文趣网 > 其他小说 > 白月光的复仇之路 > 15. 第 15 章
    夜晚,月光明亮清澈悠悠洒入院中,落在头顶上掀起一片光晕。

    青草花间隐隐探出几只萤火虫,在月光下低飞。

    柳轻宁一身薄衫,站在晚风中,白承渊的书房外静候,只等那人出来后能询问两句关于姐姐的事。

    他一定知道什么。

    柳轻宁心中十分笃定。

    此时下人尽退,她已然歇下了面上的伪装,小碎步前前后后,书房外的侍卫反复劝说她回去,她也只是摇头继续等着。

    待到里面的人终于出来时,已经很晚了。

    白承渊负着手,缓缓出来。

    看见柳轻宁时面上没有一丝意外,只是坦然问她:“想问柳依云?”

    “嗯嗯!”柳轻宁点头如捣蒜。

    白承渊皱眉,面上温度陡然下降,周身气场逼人,他一步步靠近柳轻宁,冷冷道:“回你的房间去,不许多问。”

    柳轻宁被他逼得退后两步,腹中心跳如雷。

    最终为了姐姐还是鼓起勇气,想问:“我姐姐她为什么……”

    “回去,不要问了!”白承渊打断她的话。

    他面色极冷,不容柳轻宁多问。

    朝门外的侍卫使了个眼色,随后转身又回了书房。

    门外两个侍卫也是会看眼色的,柳轻宁是王爷亲自下令要留下的人,轻慢不得,可此时王爷显然发怒了。

    如此两厢权衡之下,还是先把柳轻宁打发走比较好。

    两人围住柳轻宁,先打量着将人劝走:“柳姑娘,天色晚了,您还是先回去吧,不然我们也不好交代。”

    言外之意,她要是不走他们就要动粗了。

    柳轻宁退后两步,无奈之下只好离去。

    她刚回头,就看见直逼过来的兰薇,看见柳轻宁一把拉上她,将人连拖带拽拉回了西苑。

    兰薇大步向前,走路带风,如此柳轻宁都须得小跑才能跟上她的步伐。

    她背对着柳轻宁,侧脸挂了些汗水,脸色通红,面色十分焦急,原本得一炷香的路只走了半炷香就到了。

    二人刚回了西苑。

    兰薇放开柳轻宁,潇洒转身将院门“砰”的一声关上,并上了门闩。

    柳轻宁好奇问她:“你做什么?”

    兰薇不答,拉着她在石桌旁坐下:“我知道你担心柳依云,但那些事不是你能管的,王爷不告诉你是为了你好。”

    她目光灼灼,盯着柳轻宁十分恳切。

    柳轻宁不好辜负,只是点了点头。

    但下定了决心有个时间还是得搞清楚这件事才行,至少要确认柳依云不会有危险。

    ~

    深夜,寂静笼罩着整个王府,夜晚的灯笼一盏接着一盏暗下去。

    柳轻宁房里的灯已然熄灭,沉睡的人发出沉稳富有节奏的呼吸声,院中一串轻巧的脚步声渐行渐远。

    兰薇提着一盏灯笼,穿着一身劲装,穿过西苑,心中目标明确。

    王府此时除了还在巡逻的侍卫,几乎都睡了,她放轻脚步,偶有侍卫见到她也不曾阻拦。

    兰薇的身份神秘无人知晓,有人猜测她可能是王爷的谋士,也有人猜测可能是王爷的远房亲戚,她可以随时求见王爷,其重视程度由此可见。
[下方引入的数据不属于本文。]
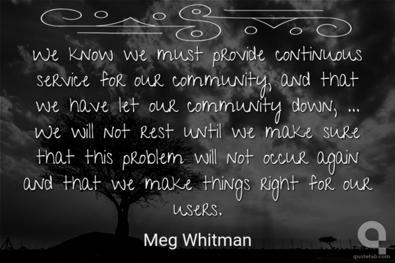 We know we must provide continuous service for our community, and that we have let our community down, ... We will not rest until we make sure that this problem will not occur again and that we make things right for our users.
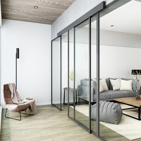 French Style Aluminum Iron Black Glass Sliding Steel Framed Barn Door Hardware on China WDMA
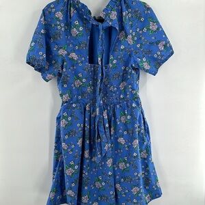 J Crew Factory Puff Sleeve Tie Back Mini Dress Blue Floral 6

    大家对她多少也带着些敬佩之心,因为她也是唯一一个敢和那位王爷说笑后不被扫出门的人。

    脚步声最终停在书房门前。

    门外侍卫见到她点了点头,自觉推开书房门。

    白承渊放下手中狼毫,收拾好桌案上的公务,也准备去歇着了。

    听见屋外声音,看见兰薇进来,只是淡淡问她:“这么晚了,找本王何事?”

    兰薇不解,上前两步,急忙问他:“王爷,您真的认为自己能够控制柳依云吗?此女心机深沉,您……”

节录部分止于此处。